26 July 2011
In a decision that represents a seismic shift in the costs rules in judicial review, the Court of Appeal has delivered Judgment in the case of Bahta & Ors-v-Secretary of State for the Home Department.
The effect of the judgment is to reverse the presently accepted approach to awarding costs in cases where a defendant public body concedes a claim (either expressly or impliedly) before the case comes to trial.
The Court of Appeal has now made it clear that where a defendant concedes relief in a claim, then the presumption will be that the defendant public authority must pay the claimant’s costs.

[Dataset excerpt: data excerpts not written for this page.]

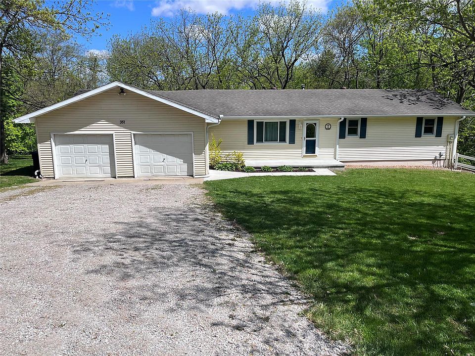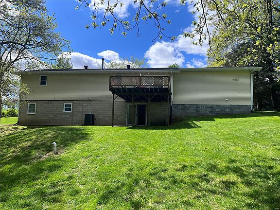 This property is in town and yet is still nestled in the timber! Great one story home with three bedrooms, one full bath and one half bath on the main floor, and another half bath in the walk-out basement. The basement also has a recreation room or bonus room that could be converted to another bedroom and has ingress and egress, and there is a built-in garage to store mowers and equipment or use as a shop. The furnace was replaced in 2022 and the central air unit was replaced in 2021. The view off of the deck or patio in the backyard is fantastic and there is always wildlife passing through. Don't miss your chance to own a piece of the country in town on almost an acre!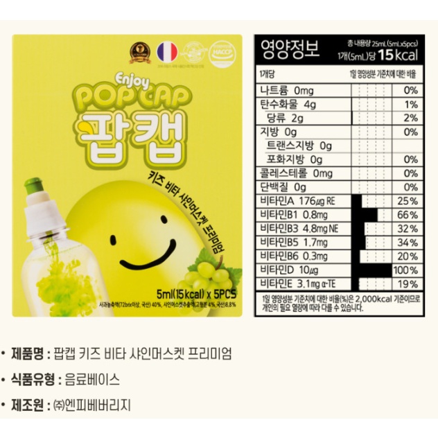 [POPCAP] Premium Bottle Cap Vitamin 8 Types of Taste, Diet Vitamin (18KCAL)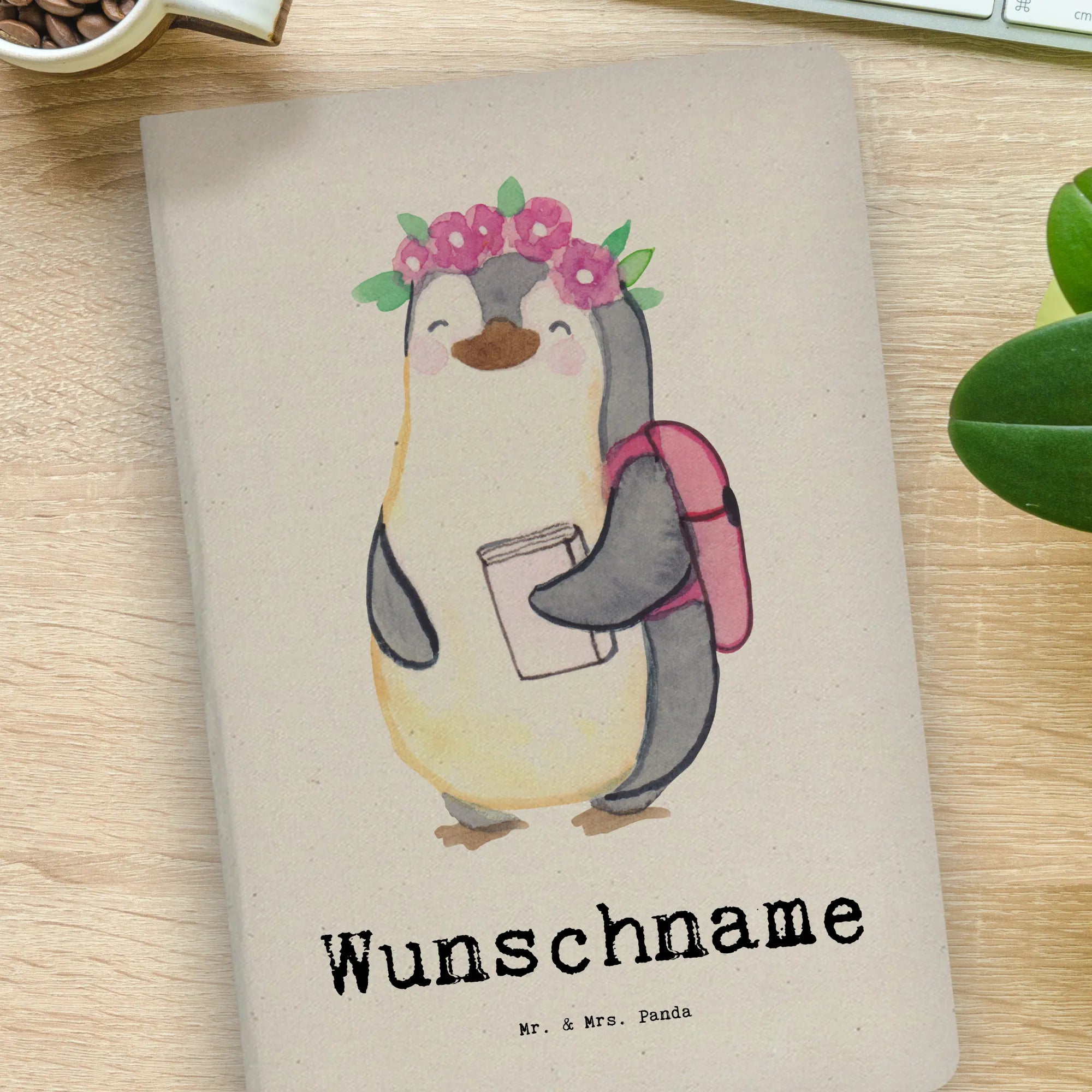 Elevate your writing experience with Mr. & Mrs. Panda's personalized notebook! This beautifully crafted notebook, 297 mm x 210 mm x 15 mm in size, combines functionality with charm. Adorned with sweet illustrations and quotes, it's perfect for capturing spontaneous ideas or thoughtful reflections. Make it uniquely yours by personalizing it with a name or a special message. Each of the 96 pages features unbleached, lined paper that feels fantastic to write upon. The hardcover is wrapped in high-quality cotton for durability, and it includes a convenient ribbon bookmark, elastic band, and pen loop for ease of use. Perfect for gifting to friends or rewarding yourself, this notebook is a must-have for anyone who cherishes creativity. Just a heads up—personalized notebooks cannot be returned, so make sure your customization is just right!

Where the claimant has complied with the pre-action protocol for judicial review the burden on the defendant to displace this presumption will be an especially onerous one (see paragraph 65).
Previously, the default position adopted by the Courts, following the lead case of Boxall, was to make no order for costs in such cases unless it was “plain and obvious” that the Claimant would have gone on to win – in practice often an insurmountable hurdle for claimants.
The practical effect of the Boxall rules was that public authorities often took a “wait and see” approach, declining to address allegations of wrong-doing and illegality when first alerted to them and forcing claimant’s to issue proceedings unnecessarily, safe in the knowledge that they could then change their minds and escape without any sanction in costs.
As Lord Justice Pill put it:
What is not acceptable is a state of mind in which the issues are not addressed by a defendant once an adequately formulated letter of claim is received by the defendant. In the absence of an adequate response, a claimant is entitled to proceed to institute proceedings. If the claimant then obtains the relief sought, or substantially similar relief, the claimant can expect to be awarded costs against the defendant.
Leigh Day & Co represented the Public Law Project (PLP), an access to justice charity, who intervened in the appeal. PLP have been campaigning on the issue for a number of years. This was an important issue for PLP because the former costs rules had a serious deterrent effect the ability of individuals to enforce their rights against public authorities.
PLP had already been successful in persuading Lord Justice Jackson of need for reform of the costs rules. In his Review of Civil Litigation Costs, Jackson LJ expressly recommended the reform of the Boxall rules. However, this recommendation was not adopted by the Government when it accepted the majority of his recommendations. Fortunately, this decision by the Court of Appeal finally resolves the issue for the foreseeable future.